| Assigned task |
Reproduce exactly the line containing "Ex. č. 28 ze" and each line after it until the listing ends, leaving pictures out.

| Collected material |
^^^^^^^^

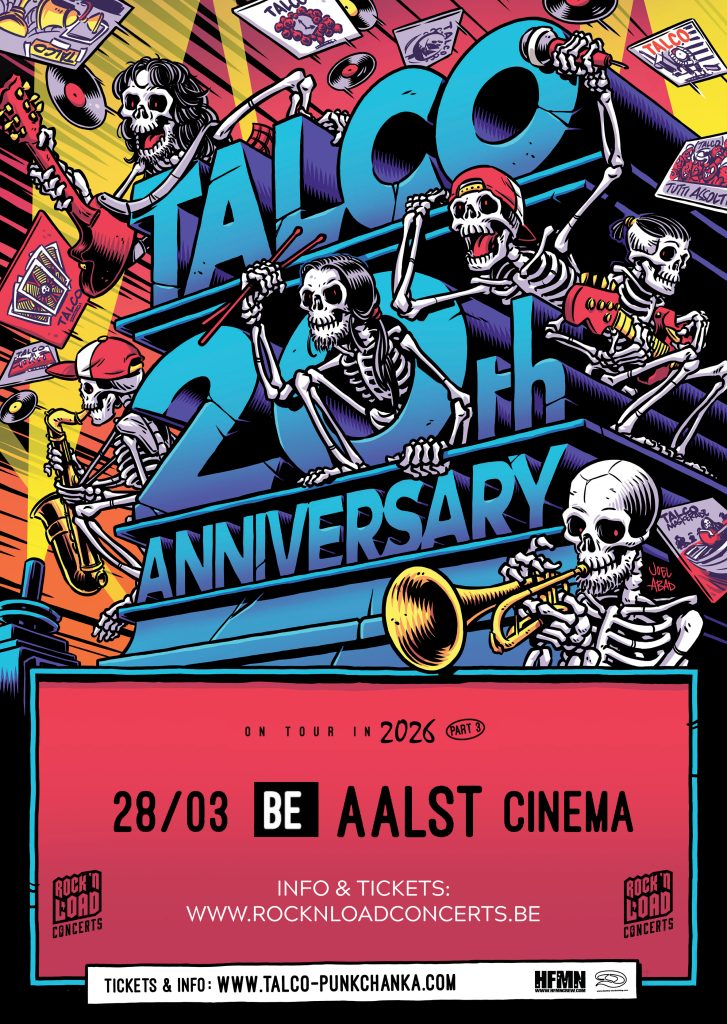 23 juli 2025zaterdag - 28 maart, 2026 19:00 Cinema Hopmarkt 13 9300 Aalst Prijs: € 24 * - Deurprijs: € 27 reserveer Talco ska/punkrock Sinds we Talco…
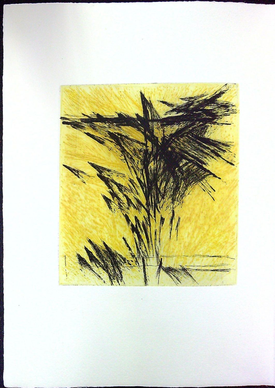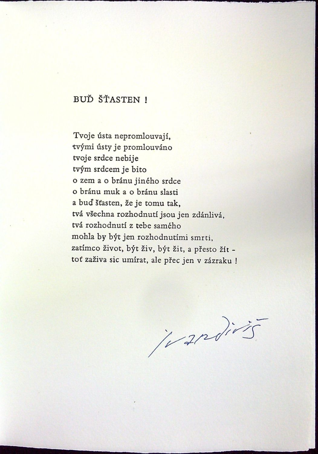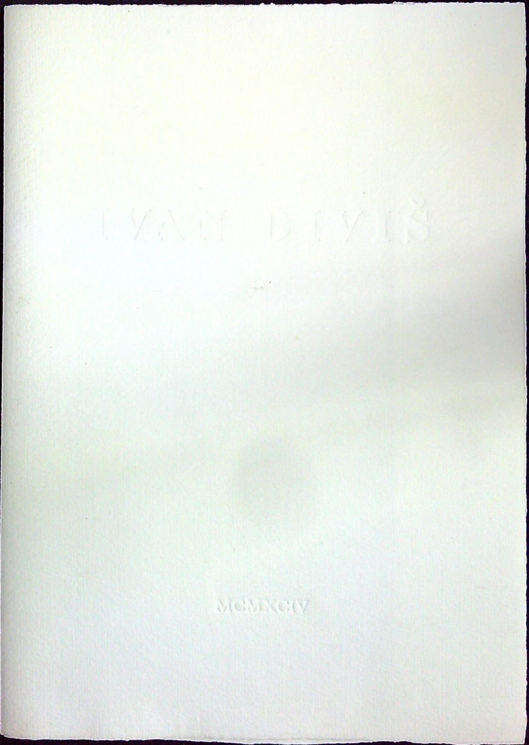 Ex. č. 28 ze 30 vydaných, které k autorovým sedmdesátinám vydal a suchou jehlou doprovodil Emanuel Ranný na ručním papíře z Velkých Losin (krom toho 10 výtisků na papíru Zerkall Bütten). Na vnitřní straně levé části dvoulistu suchá jehla (150x140 mm) na pravé Divišova báseň autorem perem podepsaná. - Dvoulist volně vložený v původní pap. obálce z losínského papíru.
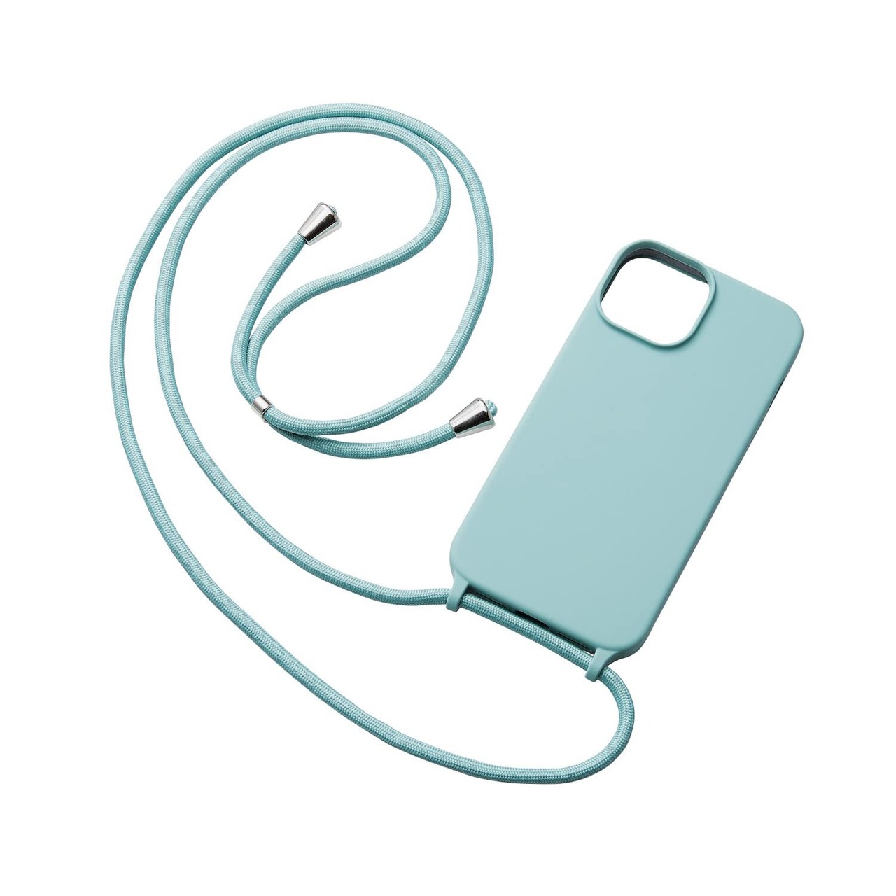持ち運びに便利なショルダーストラップがついた、やわらかく手触りの良いシリコン素材のiPhone 14/iPhone 13用シリコンケースです。

^^^^^^^^

| Exercise solution |
 Ex. č. 28 ze 30 vydaných, které k autorovým sedmdesátinám vydal a suchou jehlou doprovodil Emanuel Ranný na ručním papíře z Velkých Losin (krom toho 10 výtisků na papíru Zerkall Bütten). Na vnitřní straně levé části dvoulistu suchá jehla (150x140 mm) na pravé Divišova báseň autorem perem podepsaná. - Dvoulist volně vložený v původní pap. obálce z losínského papíru.
持ち運びに便利なショルダーストラップがついた、やわらかく手触りの良いシリコン素材のiPhone 14/iPhone 13用シリコンケースです。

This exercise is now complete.